DENVER (CBS4) – Colorado’s Department of Corrections is significantly tightening procedures surrounding electronic monitoring of parolees after parolee Evan Ebel removed his electronic monitoring device before he is suspected of killing Tom Clements, Executive Director of the Department of Corrections and Nathan Leon, a young father.

CBS4 has learned that all parole department employees were notified late Sunday that effective immediately, when there is a notification that an electronic monitor might have been tampered with, parole officers will be immediately notified and will have to take numerous steps to insure the offender is not on the run.

In the Ebel case, it took days before a parole officer attempted to track down Evan Ebel. The new steps appear designed to avoid another time lag.

Evan Ebel (credit: Department of Corrections)

Evan Ebel (credit: Department of Corrections)

Now, after being notified of a “strap tamper,” offenders will be immediately required to remain in their residence indefinitely. They will be placed on a 24/7 hold and offenders will be notified to immediately call their parole officer.

Under the new guidelines, parole officers will now have to respond within two hours to the last known address of the offender.
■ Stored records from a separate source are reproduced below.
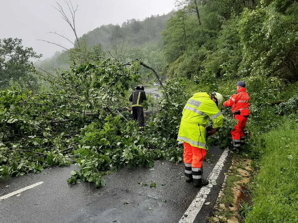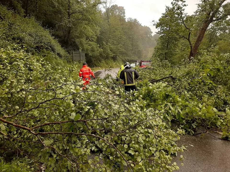 Goizuetako suhiltzaile boluntarioak errepidera eroritako arbolak kentzen.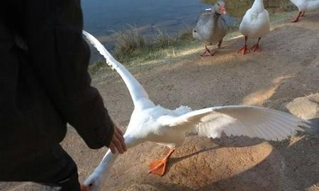 据老一辈人传说,大鹅和鸡鸭等这些家禽不一样,鹅生性凶猛,并且鹅的攻击性还很强,你如果在农村生活过,你肯定被村里的大鹅追赶过,村里很多动物都不是它的对手,有时候就连狗都打不过它们。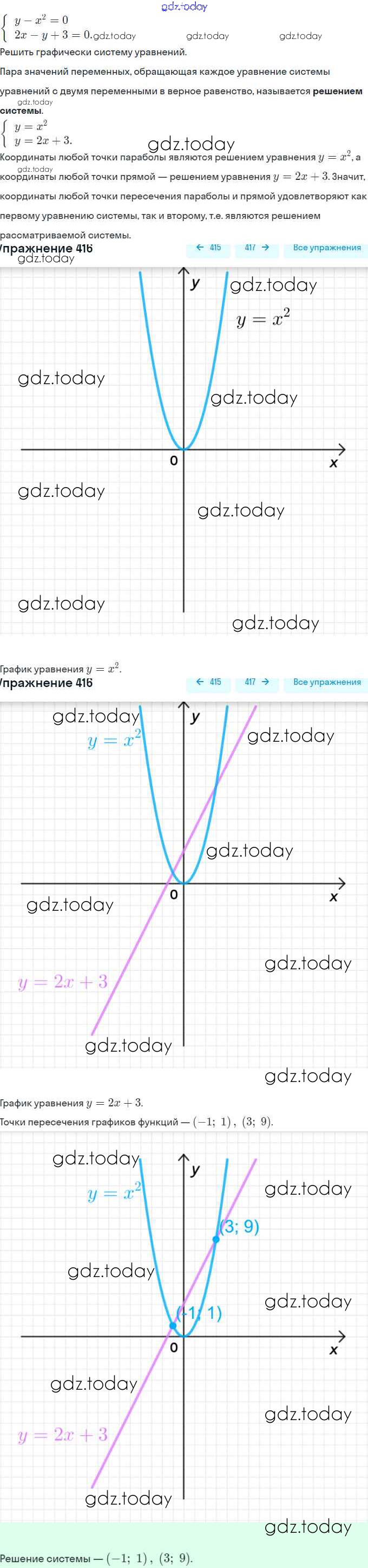 На страницах сайта gdz.today вы найдете учебный и вспомогательный материал, направленный на улучшения знаний школьной программы. ГДЗ - онлайн мир знаний Глава 3. Уравнения и неравенства с двумя переменными (упражнения) 416 Учебнику по Алгебре для 9 класса Макарычев, Миндюк Просвещение 2014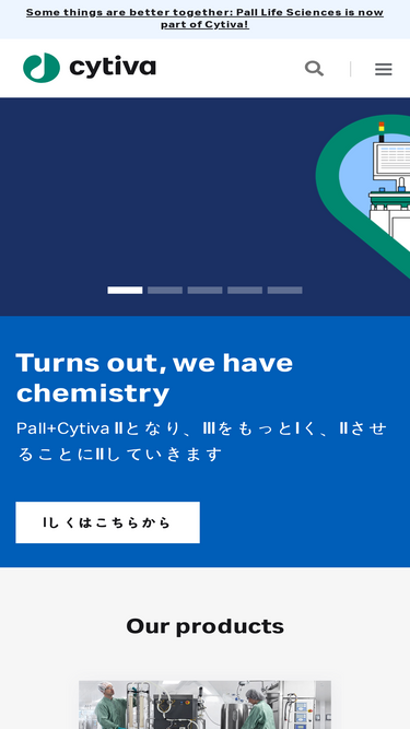 いのちを守る治療法に手が届き、人々の健康が大きく変わる世界を目指してーーCytiva(サイティバ)は、治療法の開発・製造の進歩とその加速をサポートする、テクノロジーとサービスのグローバルプロバイダーです。以前はGEヘルスケアライフサイエンスの一部でしたが、2020年4月より、数百年前までにさかのぼる豊かな遺産と、新たなスタートをあわせ持った存在となりました。

If its believed an offender has violated parole and cannot be located, a warrant shall be requested from the Parole Board within 24 hours of the initial tamper alert notification.

In the Ebel case, it was days before a warrant was requested for his arrest.

Tim Hand, Director of Adult Parole, told parole employees “These steps are necessary to address the public safety needs of the citizens of the State of Colorado.”